“Millennials” should be a familiar term to every marketer. If not, here’s the explanation: Millennials refer to the generation born between 1980 and 1999. In English, they are also referred to as “Generation Y”, as representatives of this age group are known for questioning many things. In contrast to the previous Generation X, Millennials are the first generation to grow up as digital natives, i.e. in the digital world. Due to these influences, the generation developed completely different from the previous ones and must therefore be addressed differently in the marketing context.
But growing up with digital media is not the only difference that sets Millennials apart from other generations. Whereas it used to be normal to do an apprenticeship or start a course of study straight after school, today it’s the exception rather than the rule if you don’t spend a year or more abroad to gain new experiences. It’s also not uncommon for millennials to spend more than three years studying for a bachelor’s degree. Because of this they’re still just starting their careers in their late 20s. And once they’re on the job, many attach greater importance to having enough free time, a work-life balance and the opportunity to work from home – top salaries are becoming increasingly unimportant.
On average, Millennials spend around 3.2 hours a day online – that’s almost one day a week! They are also increasingly relying on smartphones and tablets for this purpose, and the laptop or desktop is losing importance away from the world of work. Hardly any Millennial does not use one of the many social networks, which are now not limited to Facebook and Instagram anymore.
There is also a clear trend in shopping: 80% of Millennials shop online.

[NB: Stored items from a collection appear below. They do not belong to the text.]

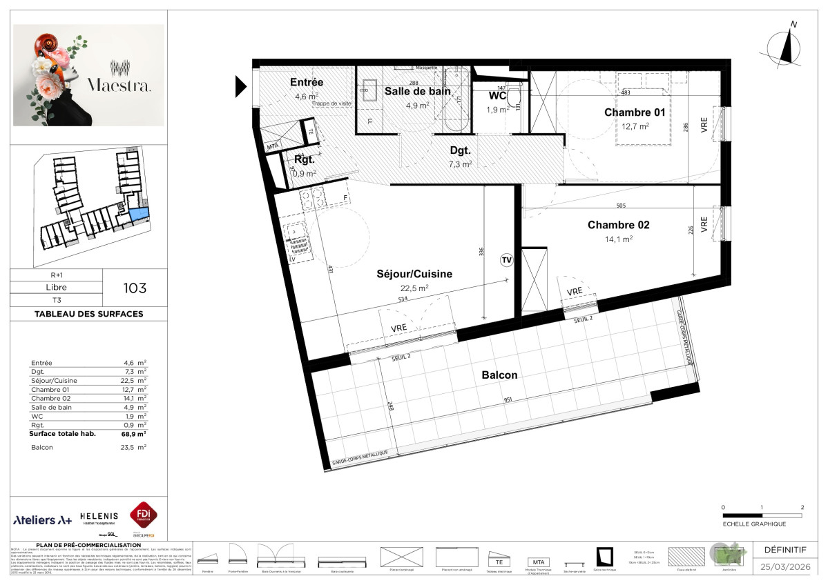 | A103 | 1 | Appartement + Parking sous-sol + Parking sous-sol Terrasse de 23,50 m² | 3p | 68,90 | 5,5 % | ![]() | Plan | 282 213 € |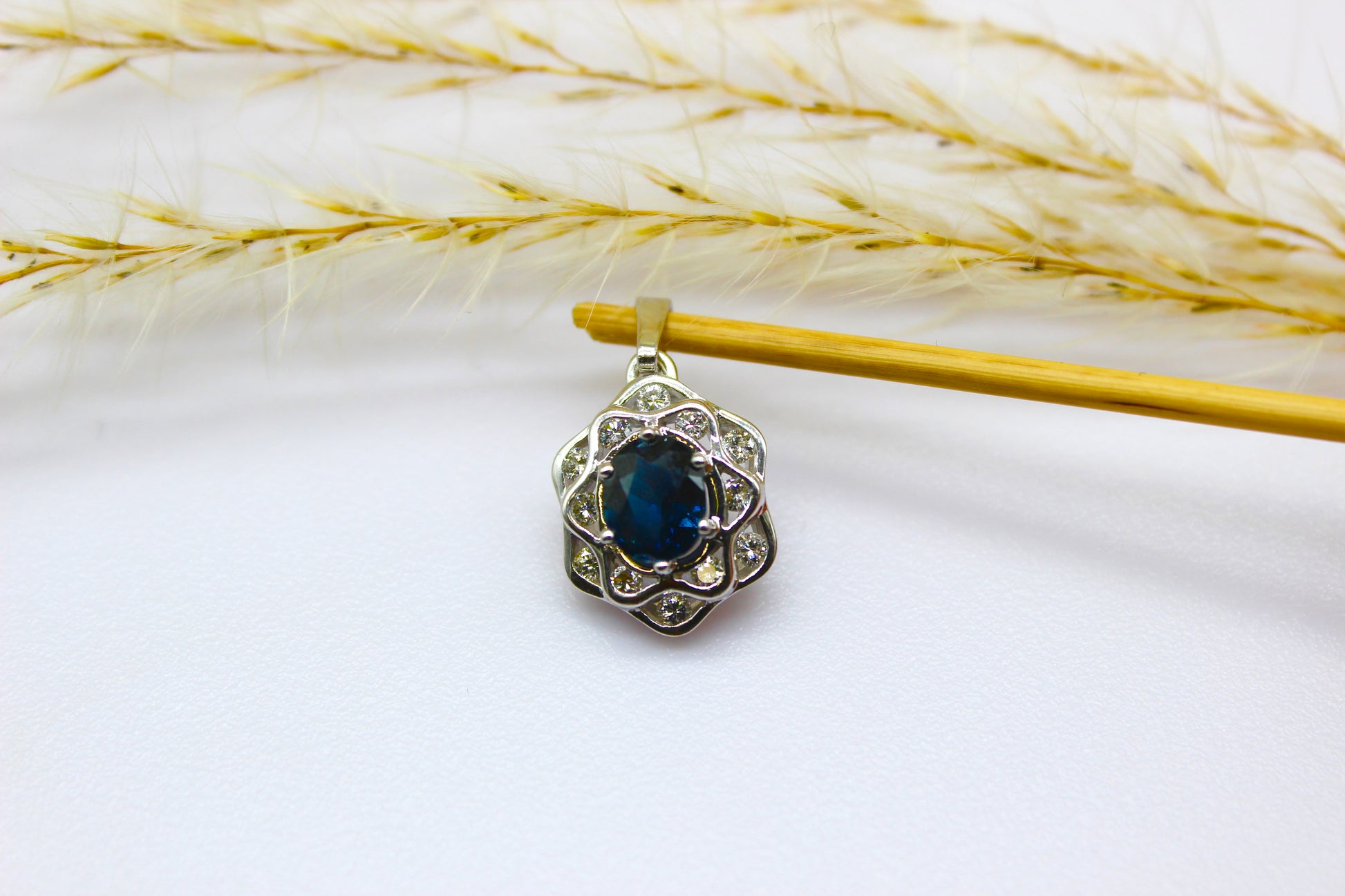 Saphir Anhänger in 14k Weissgold verziert mit 12 Brillanten in Sternen-Muster Fassung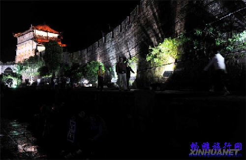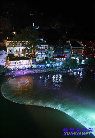 近年来,凤凰县通过积极申办“世界文化遗产”,加大对古城和民族民间文化的保护力度,使古城夜色更加秀美。新华社发(李明摄)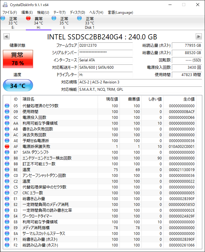 ソースの表示以前のリビジョンバックリンク全て展開する/折り畳む文書の先頭へ Share via Share via... Twitter LinkedIn Facebook Pinterest Telegram WhatsApp Yammer Reddit Teams最近の変更Send via e-Mail印刷パーマリンク × C#の0がenum値に暗黙キャストされてinvokeStaticで例外出て超ハマった 僕はついさっき知ったばかりなんですけど、C#の数値0ってあらゆるenum値に暗黙的キャストされるんですってね。要するに、0だけはキャスト不要で列挙型の値として変数に代入できちゃったりするということ。コードで示すと以下のようなかんじ。 using System; public class Program { enum Hoge { A, B } enum Piyo { C, D } public static void Main() { Hoge h1 = 0, h2 = 0.0f; Piyo p1 = 0x0, p2 = 0.0m; Console.WriteLine($"{h1}, {h2}"); Console.WriteLine($"{p1}, {p2}"); } } このコードは何の警告もなくビルドが通り、以下の実行結果が得られる。 A, A C, C 浮動小数点数やDecimalのゼロも同様の扱いっていうのが、なかなかのキモいポイント。C#のenumってC/C++のそれと違ってそれなりに厳密なので、自分的には結構衝撃的な仕様だった。まぁ、分かってしまえばどうってことはない。 で、ここからが本題。 そんな0のenumへの暗黙的型変換のおかげで、意図せぬメソッドのオーバーロード解決が行われ、小一時間ハマった。 以下のような処理メソッドAddと、それに対する単体テストAddTestを考える。対象メソッドはプライベートな静的メソッドなので、テスト呼び出しにはPrivateType.InvokeStaticメソッドを使っているが、至ってシンプルなコードである。 何の疑いもなく動くと思いきや、ケース3のテストでのみMissingMethodException例外が発生し、Addメソッドの呼び出しに失敗するのだ! // 加算 private static decimal? Add(decimal? v1, decimal? v2) { return v1 + v2; } // Addメソッドの単体テスト void AddTest() { var privateType = new PrivateType(typeof(AddClass)); // ケース1 var value = (decimal?)privateType.InvokeStatic("Add", 1.0m, 1.0m); // OK Assert.AreEqual(2, value); // ケース2 value = (decimal?)privateType.InvokeStatic("Add", 1.0m, 0.0m); // OK Assert.AreEqual(1, value); // ケース3 value = (decimal?)privateType.InvokeStatic("Add", 0.0m, 1.0m); // MissingMethodException例外が発生! Assert.AreEqual(1, value); } MissingMethodExceptionは読んで字のごとく、メソッドが見つからなかった場合に投げられる例外だ。 ケース1~2は通っているのに見つからないとは一体…!?という感じなのだが、これまでの説明からお気づきであろう、ケース1~2と3では呼び出されるInvokeStaticのシグネチャが違うのだ。同メソッドは引数違いで10個ほどのオーバーロードが定義されており、それぞれ以下のシグネチャのものが呼び出される。 ケース1~2 InvokeStatic(String, params Object[]) ケース3 InvokeStatic(string, System.Reflection.BindingFlags, params Object[]) ケース3では、第二引数の0.0mがBindingFlagsに暗黙キャストされた結果、引数を1つ持つAddメソッドを呼び出そうとして例外を吐くというわけ。なんじゃそりゃー!分かるわけネェーッ!!意図通り動かすにはprivateType.InvokeStatic(“Add”, (decimal?)0.0m, 1.0m)のように、明示的にキャストし正しいオーバーロード解決を導いてあげればよい。 この暗黙型変換を禁止ないし警告出してくれるコンパイルオプションとかないのかしら…ハマった時に死ぬほどわかりづらいんですけど…… PowerEdge T330/PERC H330環境でPVE 8がEFI stubうんちゃらで起動できない件 PowerEdge T330とITファームを書き込んでHBA化したPERC H330環境で、H330に接続したストレージにインストールしたProxmox VE 8.0-2を起動しようとすると、EFI stub: Loaded initrd from LINUX_EFI_INITRD_MEDIA_GUID device pathと出て止まってしまう。マザボから生えてる内蔵SATAの方だと問題ない。 PVEのフォーラムでも同様の現象が報告されている。 Stuck at EFI stub | Proxmox Support Forum Proxmox 8 boot stuck at "EFI stub: Loaded initrd from LINUX_EFI_INITRD_MEDIA_GUID device path" | Proxmox Support Forum ZFSがらみの何かっぽくext4なら大丈夫らしい。根本的な解決策は見当たらないが、PVE 7をインストールしアップデートでPVE 8にした場合は起動するそうで、試しにやってみたら確かに問題なくPVE 8が立ち上がった。すんごい気持ち悪いんですけど。 BIOSとiDRACあたりとの相性かと思い数時間かけて頑張って更新したが、完全な無駄足になってしまった…。更新後はJava版の仮想コンソールが何故か起動に失敗すること多いし、PVEで仮想コンソールのキー入力が全く効かないわ、ACPIシャットダウンが機能しないわでマジで意味がわからん。ただの無駄足であってくれた方がなんと良かったことか…… 一応PVEの動作に問題はなさそうだけど、どうしたものか。 5年半使ったIntel DC S3500 240GBの状態とベンチマーク ファイルサーバで使ってたInte SSD DC S3500 240GB (SSDSC2BB240G4)がお役御免となった。購入記録を採ってるわけじゃないけど、たぶんこの時のSSD⇒Intel SSDSC2BB240G4 (DC S3500 240GB) のベンチマーク。のちに同じSSDを中古購入し、2台でRAID組んでWindows Serverのシステム領域兼記憶域階層のSSD層として使っていた。先に買った方、つまり当時のベンチマークがある方の使用時間は5年半ほどになる。 経年でどの程度パ

For online store owners, this means that their websites must be easily visible on mobile, because who would buy a product that can barely be seen because the images are too small?

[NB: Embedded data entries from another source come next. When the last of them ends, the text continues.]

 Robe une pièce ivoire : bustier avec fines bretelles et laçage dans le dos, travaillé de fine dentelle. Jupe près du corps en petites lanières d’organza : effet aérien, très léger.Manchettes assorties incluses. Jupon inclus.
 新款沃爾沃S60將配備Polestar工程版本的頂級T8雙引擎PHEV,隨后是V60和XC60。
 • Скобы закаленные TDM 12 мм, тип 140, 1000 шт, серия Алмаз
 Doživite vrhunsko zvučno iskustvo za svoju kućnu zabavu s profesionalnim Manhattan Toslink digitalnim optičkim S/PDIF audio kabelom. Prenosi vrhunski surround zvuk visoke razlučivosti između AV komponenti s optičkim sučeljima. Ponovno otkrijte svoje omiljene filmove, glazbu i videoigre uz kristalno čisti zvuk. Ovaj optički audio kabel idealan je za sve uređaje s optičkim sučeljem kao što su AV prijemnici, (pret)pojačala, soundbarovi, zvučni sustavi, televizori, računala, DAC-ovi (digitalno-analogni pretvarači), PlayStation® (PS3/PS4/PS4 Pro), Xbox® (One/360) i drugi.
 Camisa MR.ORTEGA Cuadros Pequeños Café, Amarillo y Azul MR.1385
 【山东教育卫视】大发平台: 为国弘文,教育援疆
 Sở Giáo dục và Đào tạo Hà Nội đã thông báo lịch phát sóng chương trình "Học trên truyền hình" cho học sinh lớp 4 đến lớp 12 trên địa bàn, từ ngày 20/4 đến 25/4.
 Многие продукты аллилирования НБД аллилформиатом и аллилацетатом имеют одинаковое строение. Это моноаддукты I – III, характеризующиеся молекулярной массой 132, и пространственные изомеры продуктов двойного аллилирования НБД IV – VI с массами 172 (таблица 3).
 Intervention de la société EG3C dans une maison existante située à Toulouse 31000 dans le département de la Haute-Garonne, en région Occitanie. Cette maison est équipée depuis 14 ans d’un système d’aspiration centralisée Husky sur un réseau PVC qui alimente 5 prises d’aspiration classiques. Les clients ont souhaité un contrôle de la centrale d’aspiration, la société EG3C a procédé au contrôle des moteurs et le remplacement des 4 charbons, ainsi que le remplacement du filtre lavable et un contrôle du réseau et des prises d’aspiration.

Millennials also differ from other generations in their approach to money. Whereas older generations used to rely more on protection in the form of home purchases and savings, only 39% of the generation say that protection is important. More than 75% prefer to spend their money on experiences rather than possessions, often spending most of it on concerts and events.
Happiness is more important than money – that sums up the Millennials’ view well. And who is surprised? After all, this generation experienced the 2008 financial crisis firsthand and saw for themselves how quickly large fortunes can shrink. Thus, the availability of a product is becoming much more important than the actual possession of it. Netflix offers the best example here. For Millennials, owning the movies is not important – they want to be able to watch them whenever they want. Whether it’s Spotify, car-sharing or Uber: everywhere, it’s all about having products or services ready to call up at any time; owning them takes a back seat.

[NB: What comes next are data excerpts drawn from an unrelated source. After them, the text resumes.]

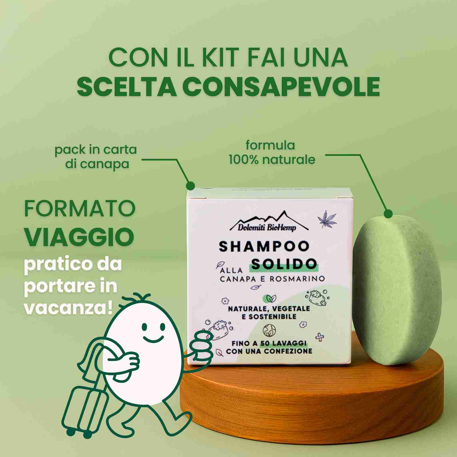 Packaging plastic-free 100% in carta di canapa e cosmetici solidi altamente concentrati: durano fino a 50 lavaggi e impattano meno sull’ambiente.
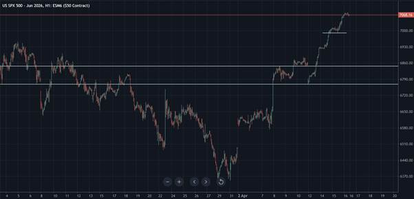 The S&P 500 trading above 7,000 is significant both as a technical milestone and as a fundamental one. Technically, it represents recovery highs that extend well above the support levels that were being tested during the blockade announcement on Monday. The index has recovered from the 6,767 retest of Monday through 6,900 on Tuesday and now to 7,000-plus, a move of approximately 230 points in three sessions on the back of the ceasefire extension reports and the multi-front diplomatic signals of today.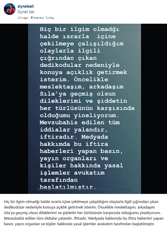 Ziynet Sali, yapılan haberleri “Hiç bir ilgim olmadığı halde ısrarla içine çekilmeye çalışıldığım olaylarla ilgili çığırından çıkan dedikodular nedeniyle konuya açıklık getirmek isterim. Öncelikle meslektaşım, arkadaşım Sıla’ya geçmiş olsun dileklerimi ve şiddetin her türlüsünün karşısında olduğumu yineliyorum. Mevzubahis edilen tüm iddialar yalandır, iftiradır. Medyada hakkımda bu iftira haberleri yapan basın, yayın organları ve kişiler hakkında yasal işlemler avukatım tarafından başlatılmıştır.” diyerek yalanladı.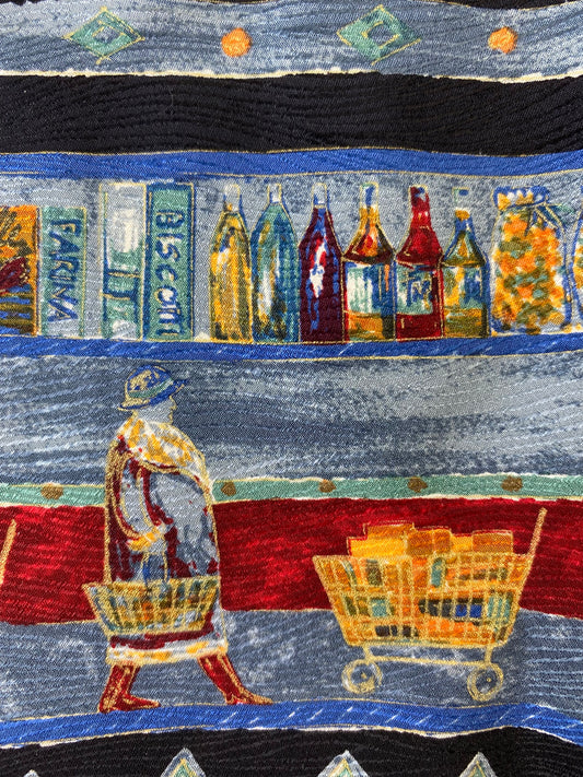 90s Deadstock Silk Necktie, Men's Vintage Black/ Blue/ Red Grocery Shopping Print Tie, NOS
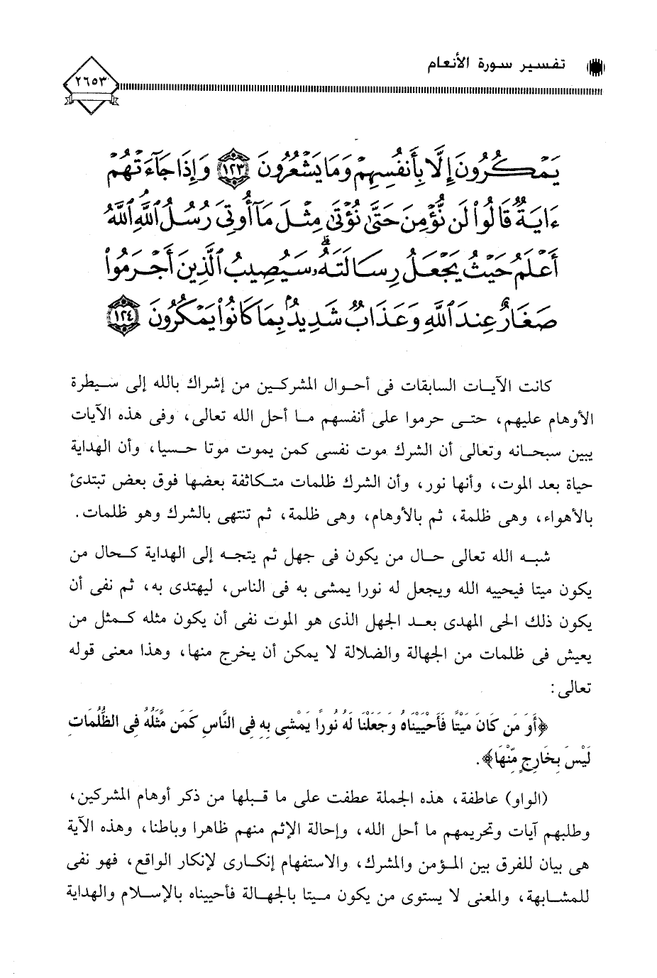 كانت الآيات السابقات في أحوال المشركين من إشراك بالله إلى سيطرة الأوهام عليهم، حتى حرموا على أنفسهم ما أحل الله تعالى، وفي هذه الآيات يبين سبحانه وتعالى أن الشرك موت نفسي كمن يموت موتا حسيا، وأن الهداية حياة بعد الموت، وأنها نور، وأن الشرك ظلمات متكاثفة بعضها فوق بعض تبتدئ بالأهواء، وهي ظلمة، ثم بالأوهام، وهي ظلمة، ثم تنتهي بالشرك وهو ظلمات.

It’s striking that this generation does a lot more research before making a purchase decision. This is quite understandable when you grow up with the fact that there are 15 alternatives to every brand-name product that differ in price, performance and quality. The smartphone makes information on the Internet much more accessible than it was just a few years ago. For sellers, this means that information about products must be very easily accessible – not only in brick-and-mortar retail, but also in online retail.
For many companies today, the question arises as to whether marketing specifically targeted at Millennials makes any sense at all. After all, due to declining birth rates, one might think that this generation doesn’t have an overly large number of representatives, especially compared to Baby Boomers or Generation X. Yet Millennials are the largest living generation in the U.S. and are projected to make up 75% of the global workforce by 2025. Thus, Millennials will be a major buying force in a few years at the latest – so now is the time to develop a plan to meet the demands of this generation.